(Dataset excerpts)

--------------------

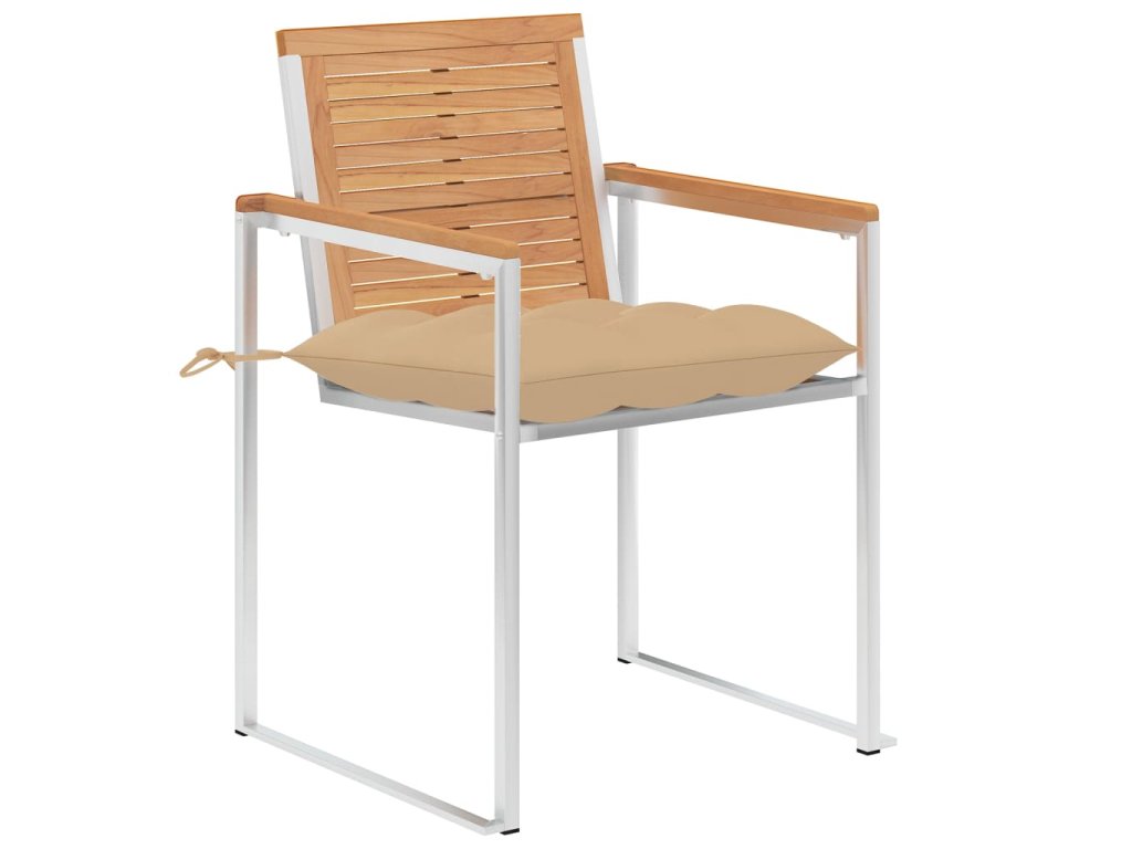 Nábytek je zhotovený z extrémně odolného teakového tvrdého dřeva, které již prošlo procesem smršťování, bylo uměle vysušené a poté jemně a dohladka obroušené. Teakové dřevo je oceňované pro svou výjimečnou pevnost a klimatickou odolnost, a proto je jedním z nejoblíbenějších materiálů pro výrobu zahradního nábytku. Je to skvělá volba, pokud si chcete pořídit venkovní výbavu, která vám vydrží sloužit dlouhá léta. Vzhledem k rámu z vysoce kvalitní nerezové oceli jsou židle zároveň robustní a odolné vůči korozi. Přiložená poduška slouží nejen jako praktický doplněk – plní také dekorativní funkci. Posaďte se a dopřejte si venku skvělou večeři nebo si jen tak odpočiňte a užívejte si počasí s touto klasickou sadou zahradních židlí.
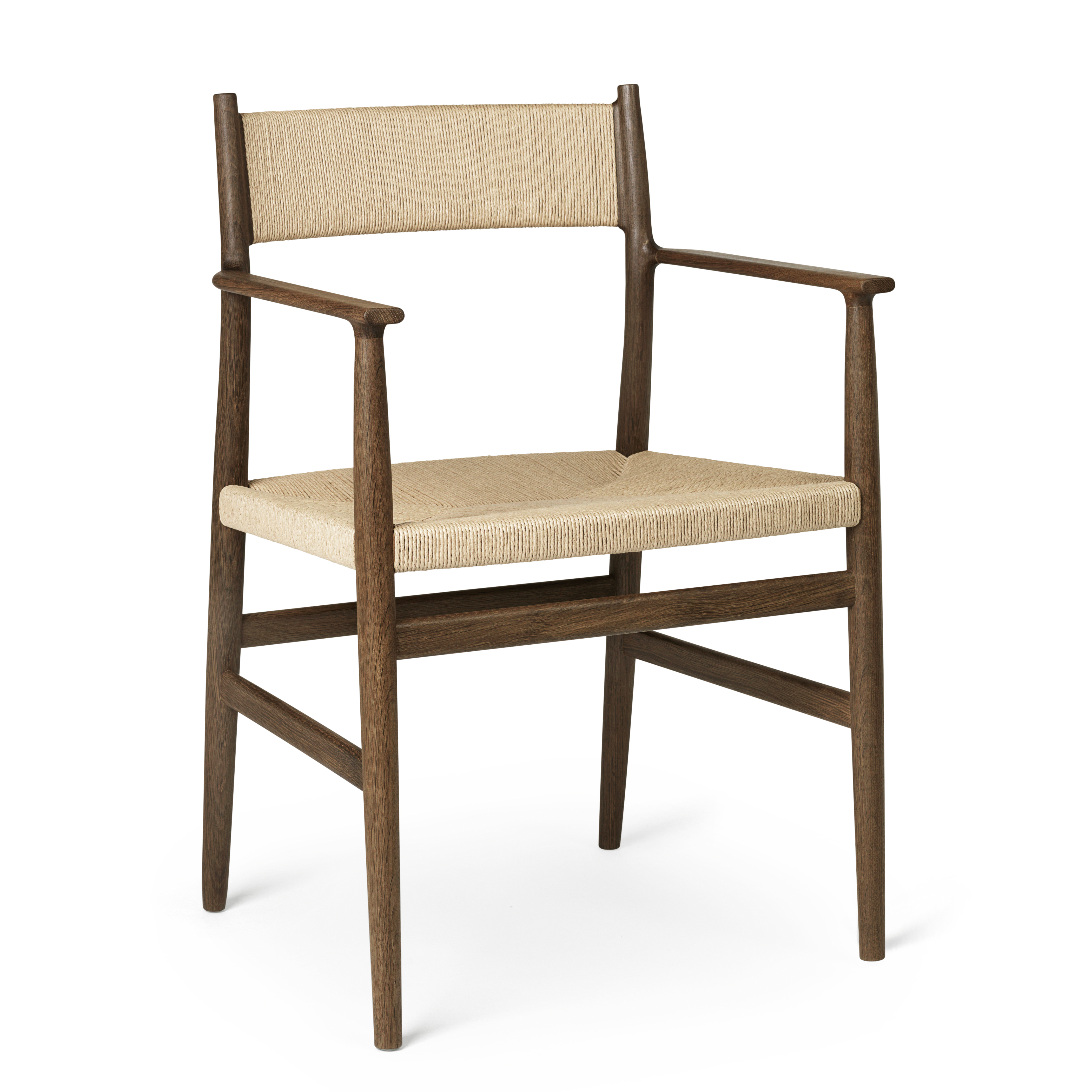 Arv stol, røget eg, m. armlæn, flet
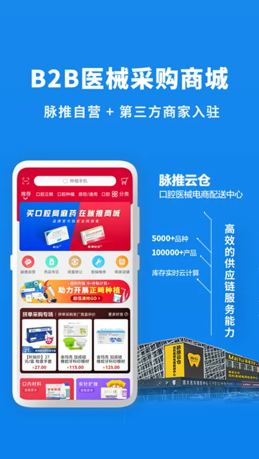 采购商城:数百家商家+脉推自营云仓,共2500多品种、2万多产品,厂家直供口腔医械一站式采购。
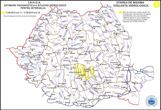Potrivit avertizării, in intervalul menţionat, pe râurile din bazinele superioare ale râurilor Argeş (judeţele Argeş şi Dâmboviţa) şi Ialomiţa (judeţele Dâmboviţa şi Prahova) se vor semnala scurgeri importante pe versanţi, torenţi şi pâraie, viituri rapide pe râurile mici cu posibile efecte de inundaţii locale şi creşteri de debite şi niveluri pe unele râuri din bazinele hidrografice menţionate, cu posibile depăşiri ale cotelor de atenţie.
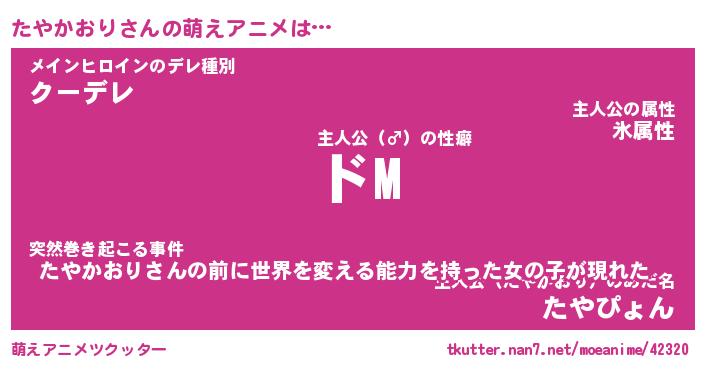| 男性向けラノベタイトル風あだ名 | 『たやかおりの憂鬱』 |

--------------------

◆ **Work instructions**
Every line from the one holding "Potrivit avertizării, in" through the last line of the entries above, and nothing else, is to be restated word for word. Pictures stay out.

◆ **Your response**
Potrivit avertizării, in intervalul menţionat, pe râurile din bazinele superioare ale râurilor Argeş (judeţele Argeş şi Dâmboviţa) şi Ialomiţa (judeţele Dâmboviţa şi Prahova) se vor semnala scurgeri importante pe versanţi, torenţi şi pâraie, viituri rapide pe râurile mici cu posibile efecte de inundaţii locale şi creşteri de debite şi niveluri pe unele râuri din bazinele hidrografice menţionate, cu posibile depăşiri ale cotelor de atenţie.
| 男性向けラノベタイトル風あだ名 | 『たやかおりの憂鬱』 |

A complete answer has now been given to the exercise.